The categorical variables were described as numbers (%) and were compared using the Chi-squared test. Continuous variables were described as mean ± standard deviation (SD) and were compared using the Student’s t-test. Univariate binary logistic regression analyses were performed to evaluate the association between clinical factors and the presence of RVO. Multivariate binary logistic regression analyses were used to determine whether an independent association between subclinical atherosclerosis markers and RVO was evident in the presence of confounding factors. The covariates of the multivariate binary logistic models included age, sex, hypertension, diabetes mellitus, BMI, antiplatelet agent use, alcohol intake, smoking, LDL cholesterol level, baPWV, carotid IMT, and the presence of carotid plaques. The model was reduced using a backward selection method (cut-off criterion p > 0.05) to avoid overfitting and to identify the strong predictors of RVO.

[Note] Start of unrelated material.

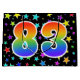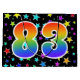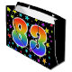 Denna spännande, roliga och livfulla presentpåsdesign har ett färgglatt stjärnfältsmönster, tillsammans med siffran "83" som har ett flerfärgat regnbågsspektrumliknande gradientmönster, på en svart bakgrund. En presentpåse som denna kan vara ett roligt och lyckligt sätt att slå in presenter som ges till någon på deras åttiotredje födelsedag, eller kanske till ett pars åttiotredje bröllopsdag, eller någon annan 83:e begivenhet.
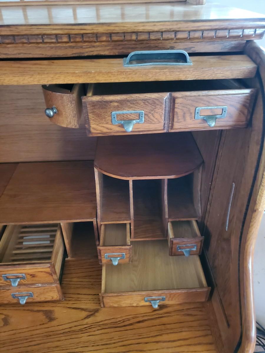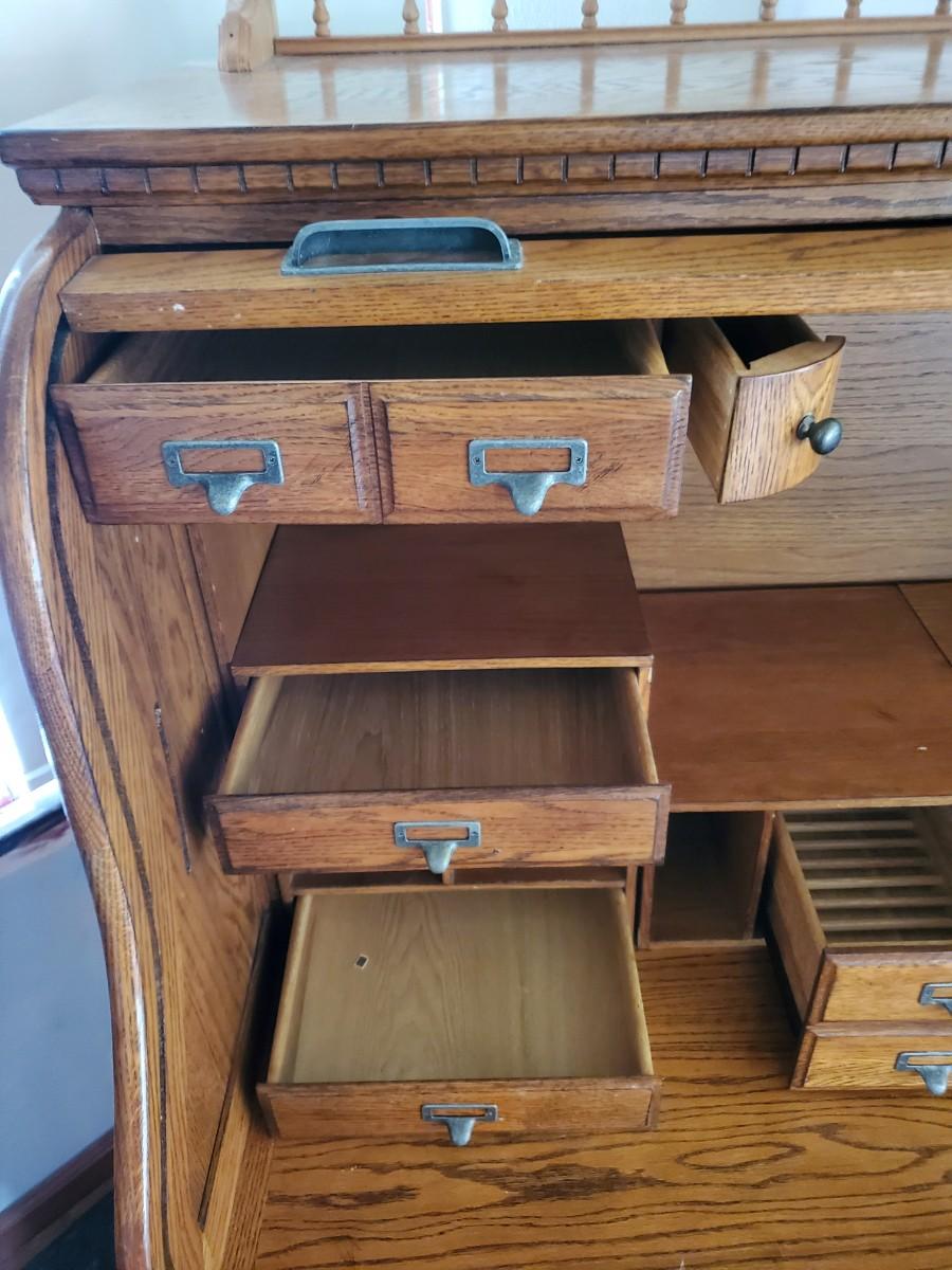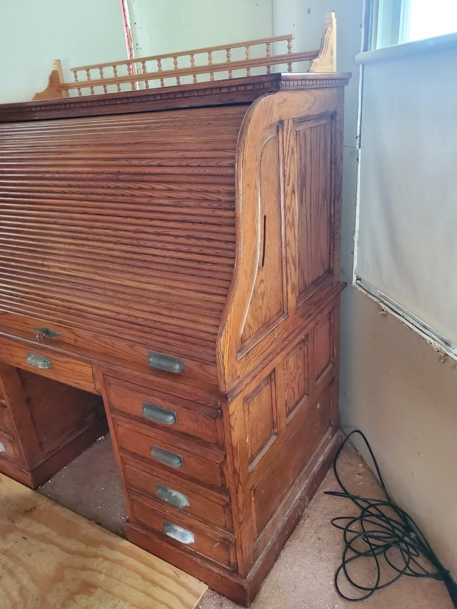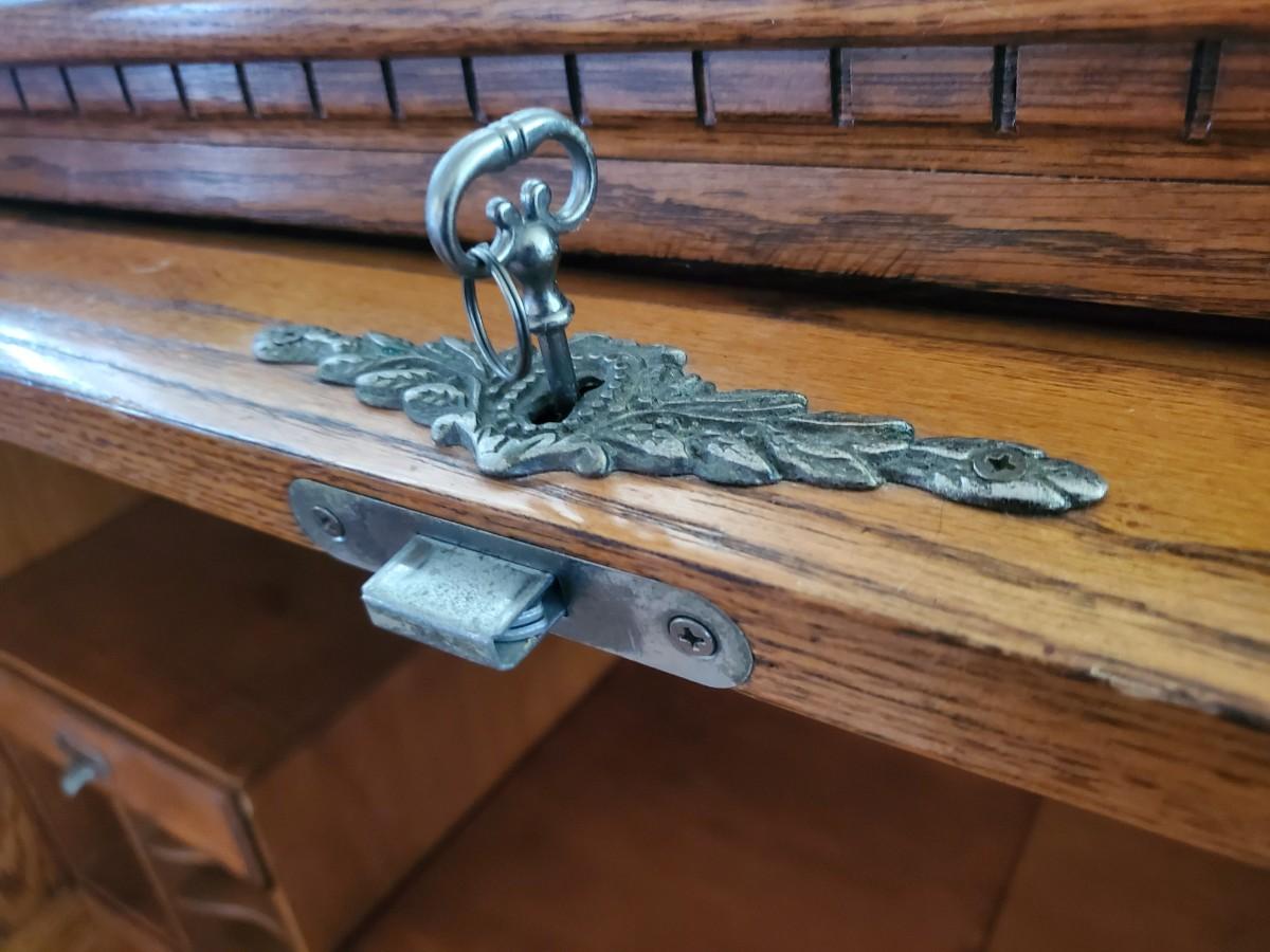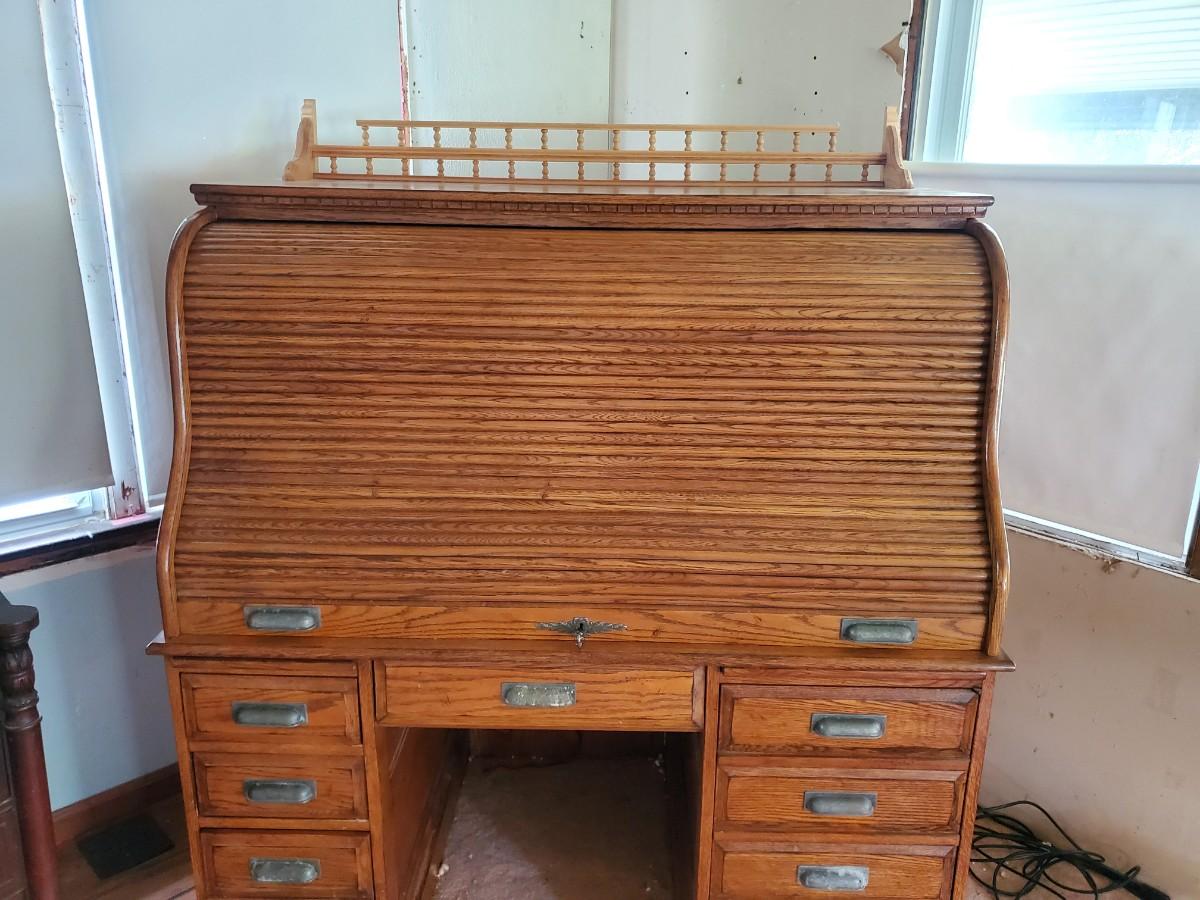 LOT 90: Roll Top Desk, Finds Furniture Company w/Key

We also conducted another set of analyses consisting of comparisons among the three groups of patients in the matched cohort: patients with CRVO, with BRVO, and without RVO. Post-hoc analysis for ANOVA was conducted using a TukeyHSD test. Categorical variables were compared among the groups using the Chi-squared test, and continuous variables were compared using analysis of variance. Multinomial logistic regression analyses were performed to compare the differences in the impact of subclinical atherosclerosis markers on the presence of CRVO and BRVO. The same list of variables used in the binary logistic models was also employed as a covariate in the multinomial logistic regression analyses. The multinomial model was also reduced through a backward variable selection process using the Akaike information criterion (AIC). The best-fit model was selected at the lowest AIC level. All statistical analyses were performed using the R statistical software (ver. 4.0; R Foundation for Statistical Computing, Vienna, Austria) and RStudio (ver. 1.3; RStudio Inc., Boston, MA, USA) and their packages, including “rms”, “matchIt”, “descry”, and “tableone”. Statistical powers were calculated for the binary logistic regression models and multinomial logistic regression models using commercially available statistical software PASS 2008. Statistical significance was set at p ≤ 0.05.